Most cases are caused by the missing usage of references (or std::move or std::string_view/std::span) leading to wasteful copying of large data structures. This is not a single problem for in one question, but given that it is common in many solutions. It is a systematic problem on the site.

It is interesting that it is not the case in all solutions. I think that the site has multiple authors, and some authors were aware of these kinds of issues and others weren’t. Many solutions use references (correctly). References (and even const references) are not some obscure element of the language, but a core element to it.

The most likely explanation is that the solutions of other programming languages were translated into C++ without taking the differences between the languages into account. And this direct translation is the source of the problem. Given that the solutions and videos are the unique selling point of AlgoExpert, I would have expected more.

I did write the support team about these issues in November 2020. At this point, eight months later, the solutions have not been fixed, which is sad.

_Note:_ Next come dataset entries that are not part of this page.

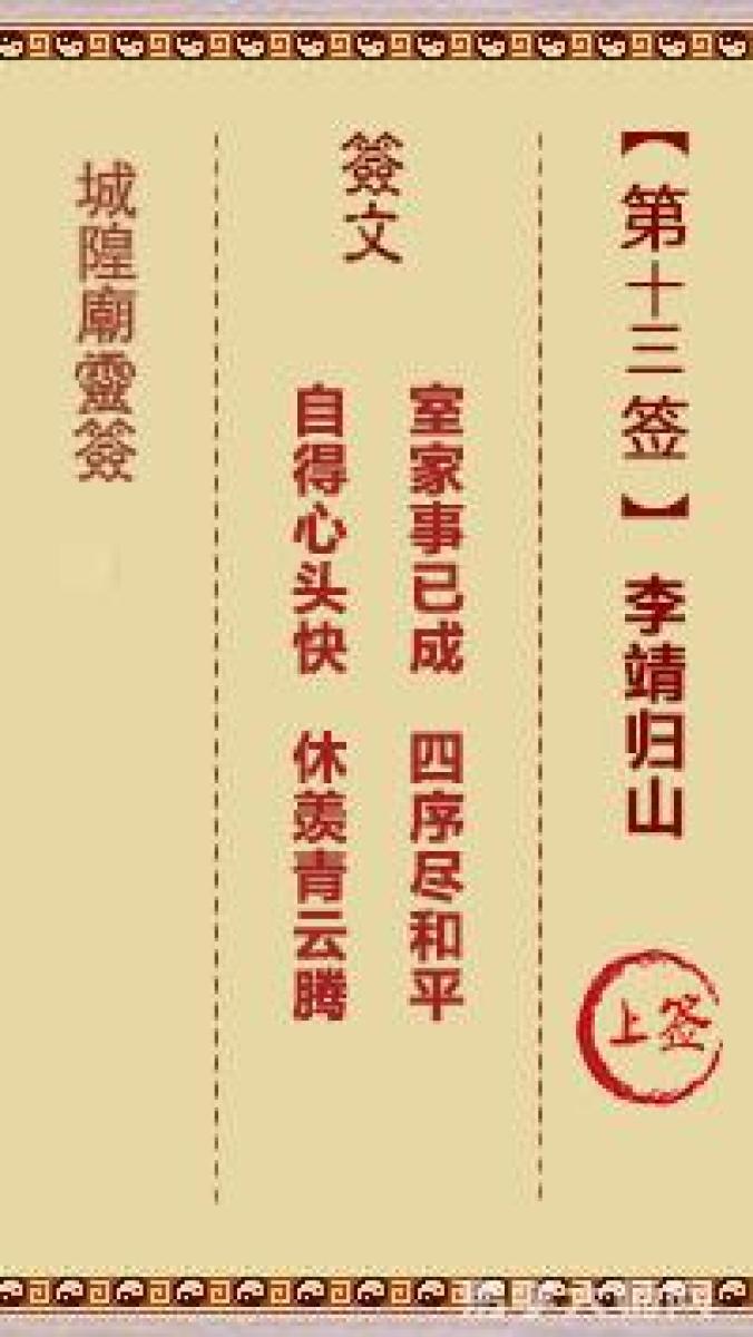 城隍庙灵签第十三签解签城隍爷灵签 第十三首 李靖归山 上签室家事已成,四序 ...
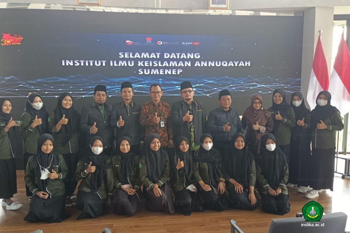 Surabaya - INSTIKA - prodi Perbankan Syariah (PS) putra dan putri semester VI Fakultas Ekonomi dan Bisnis Islam (FEBI) Institut Ilmu Keislaman Annuqayah (INSTIKA) Guluk-Guluk Sumenep melaksanakan Company Visit di Bursa Efek Indonesia Surabaya dan PT Phintraco Sekuritas Surabaya, Selasa (16/05/2023).
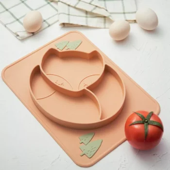 Baby Silicone Dinner Plate with Cartoon Fox Design
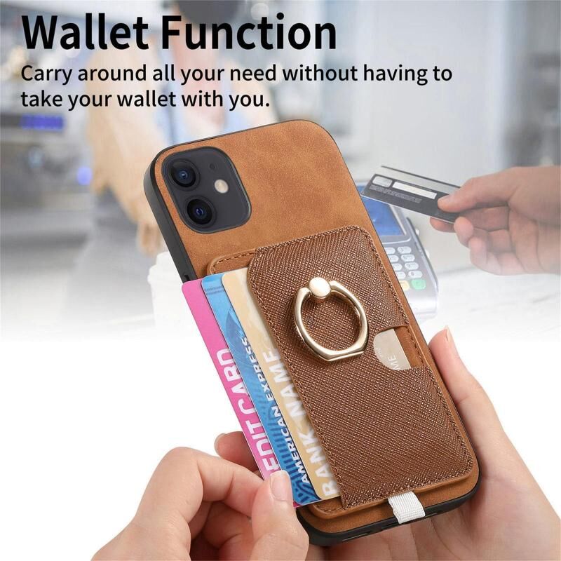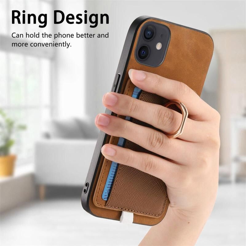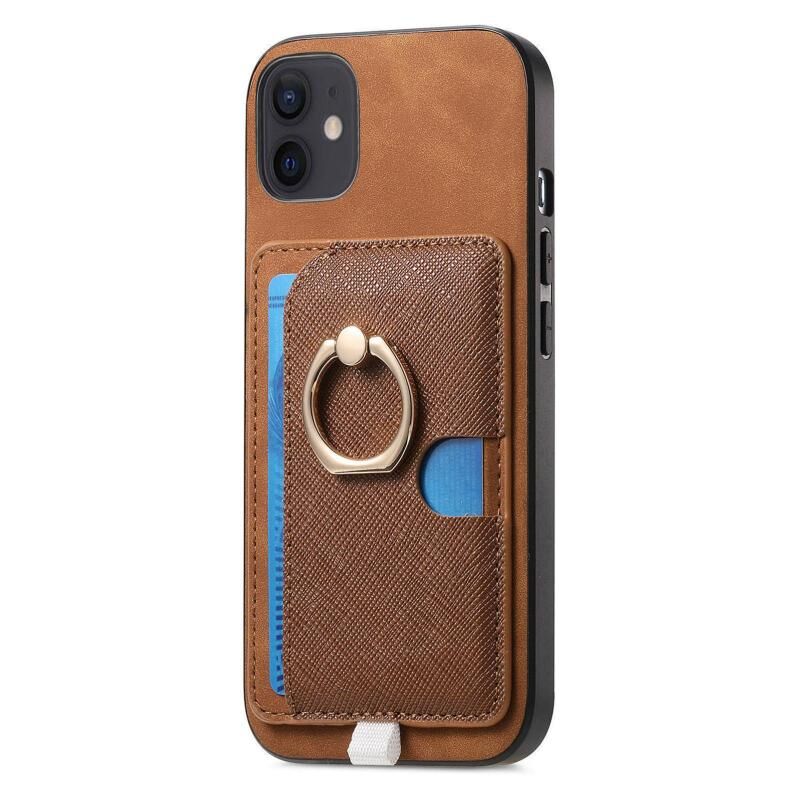 For iPhone 11 Retro Cross Leather Ring Side Insert Card Bag MagSafe Phone Case(Brown)
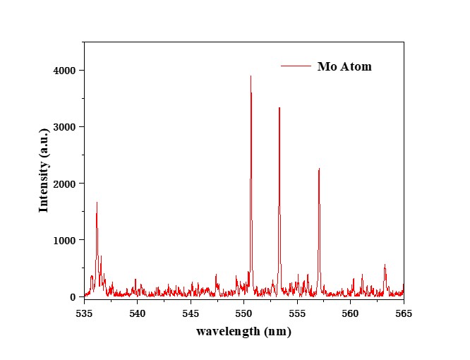 Mo原子在delay:250ns,width:5us下的发射谱线:
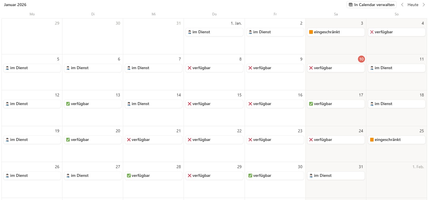 Trage ein wann du verfügbar, eingeschränkt verfügbar oder nicht verfügbar bist. Deine Dienste musst du nicht extra eintragen, diese werden automatisch übertragen. Die Default-Einstellung ist nicht verfügbar – du musst also nur einstellen, wann du wirklich Kapazitäten hast.
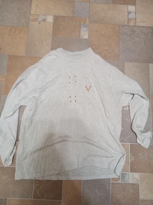 Белая кофта со стразами и вышитой надписью, размер не написано, думаю S ПОГ-42 ПОТ-42 Низ-43 Плечи-40 Рукава-44 Длина-54
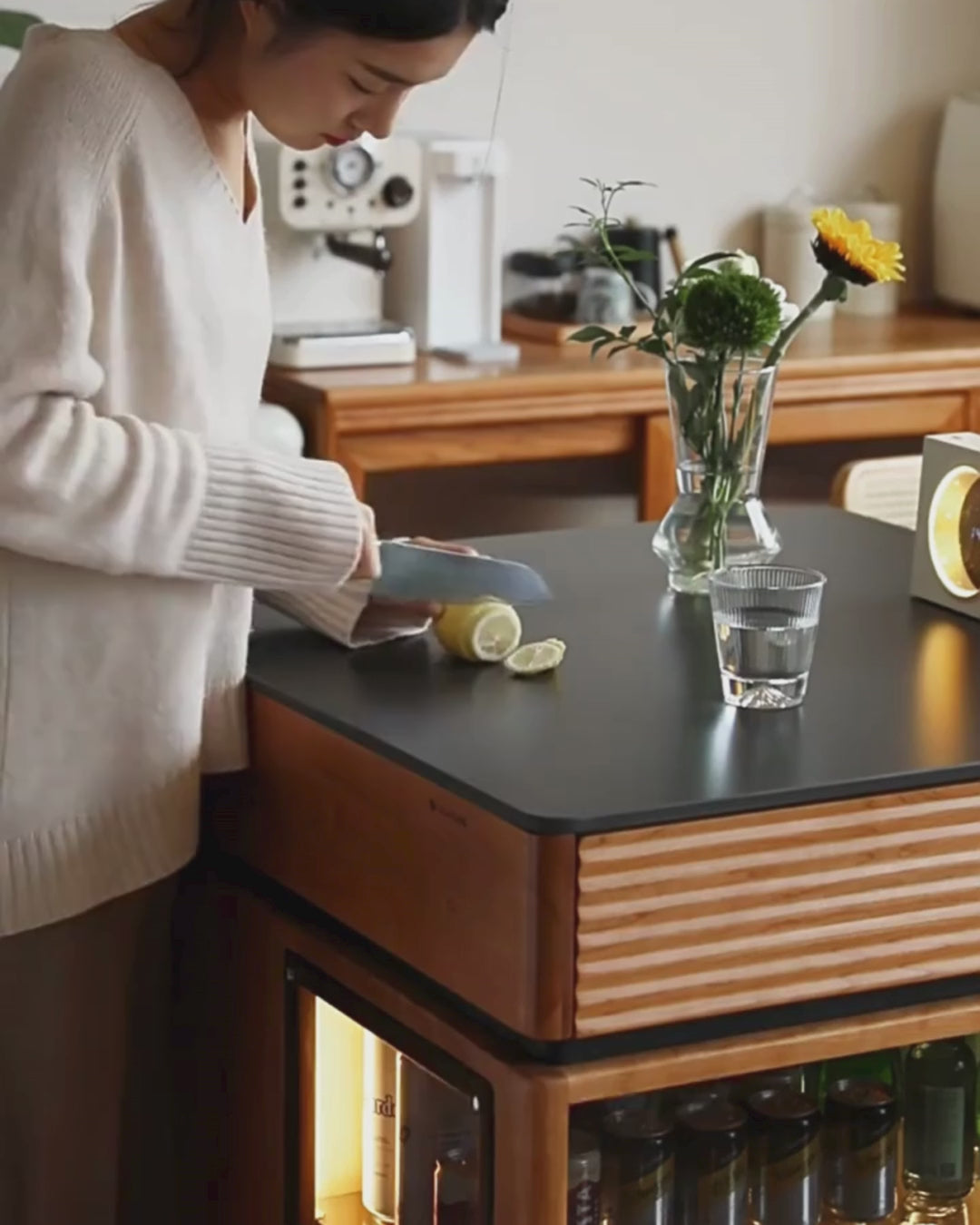 Cherry Solid Wood Island Multifunctional Bar.
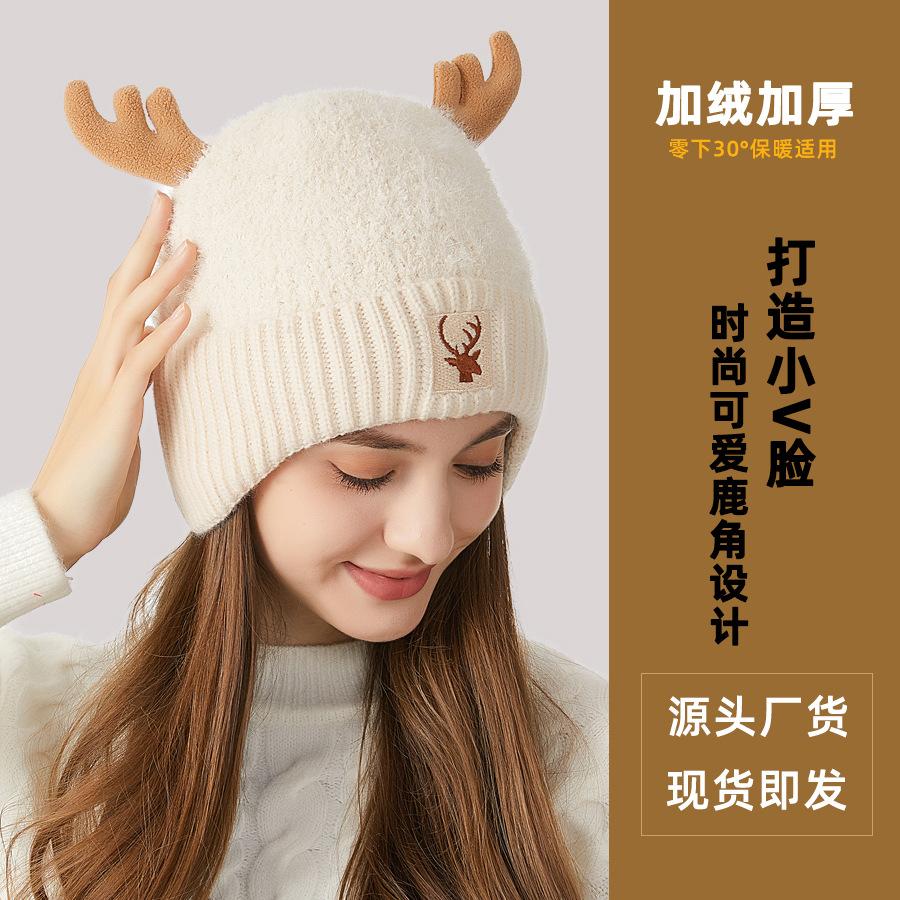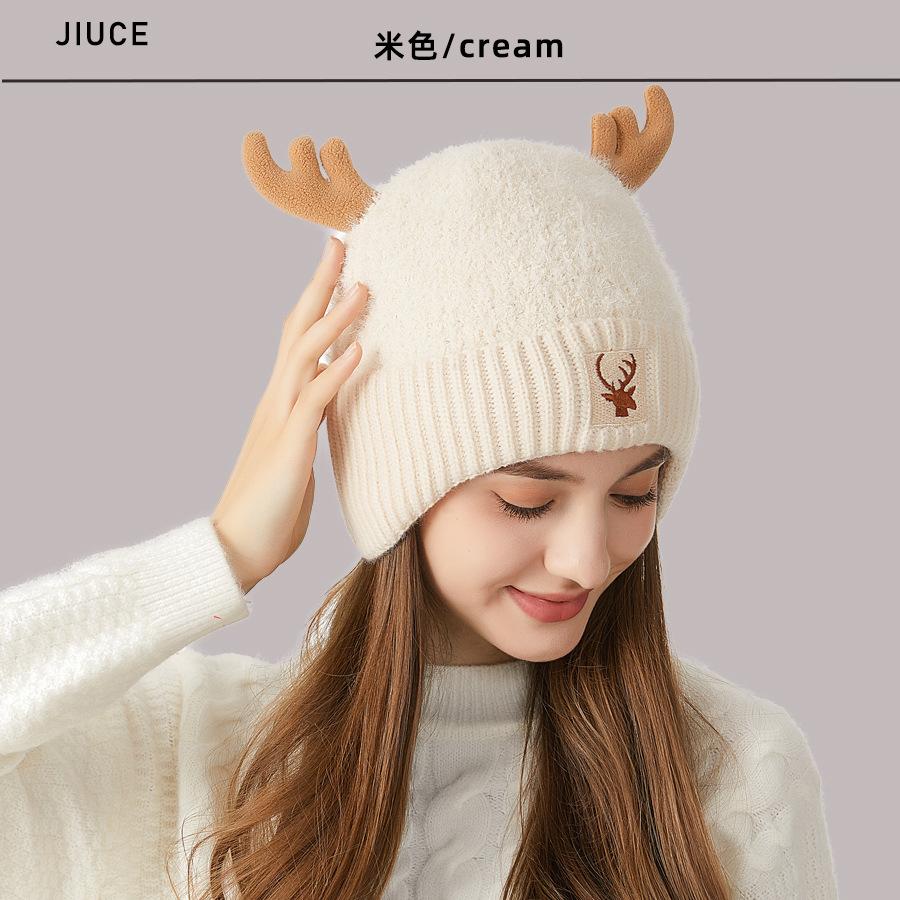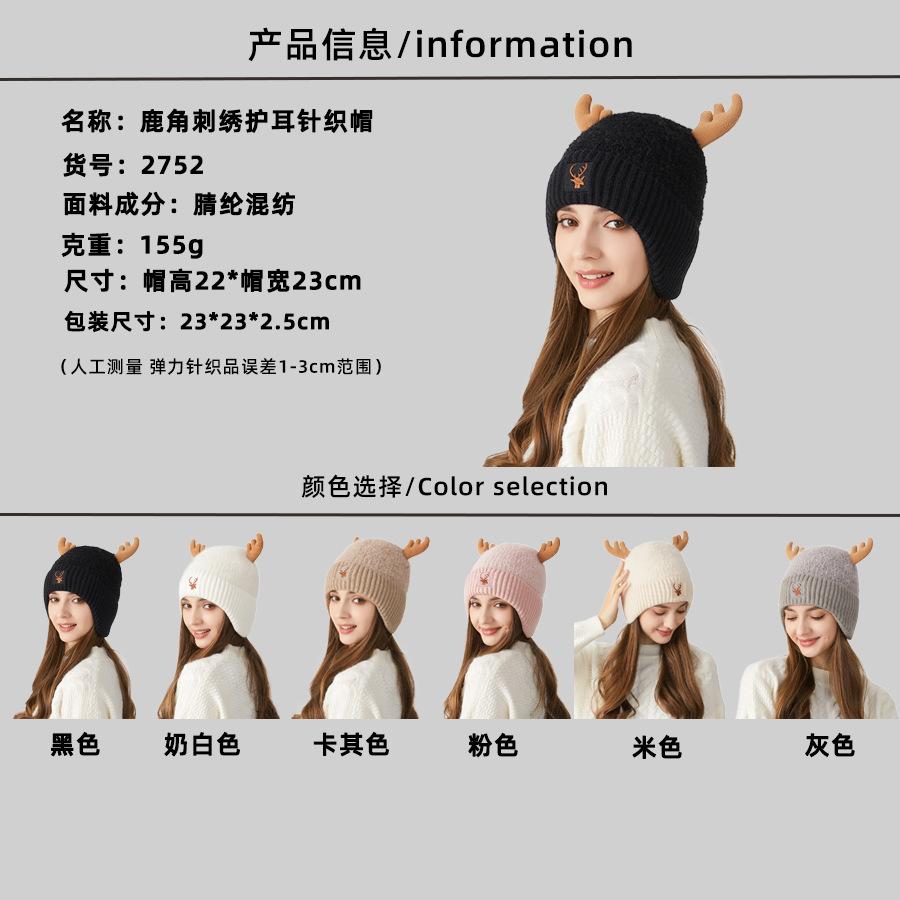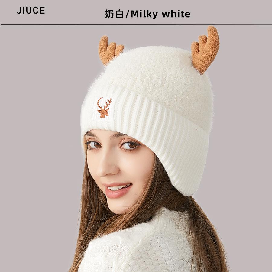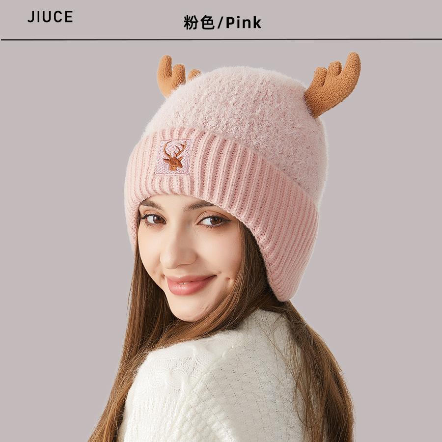 Вязаная шапка женская версия сращивание рогов, защитные наушники, утолщенная термошапка мультяшная милая омолаживающая девочка зимняя шерстяная шапка

Let me be clear: AlgoExpert is a good service for coding interview preparation. I am recommending it. The selection of questions is okay. The videos are well-made and the topics well explained. But I am disappointed when statements, comments and code do not match up in such fundamental ways. I hope that the team eventually goes back to their solutions and fixes these issues. Until then, I would recommend to not use their C++ solution.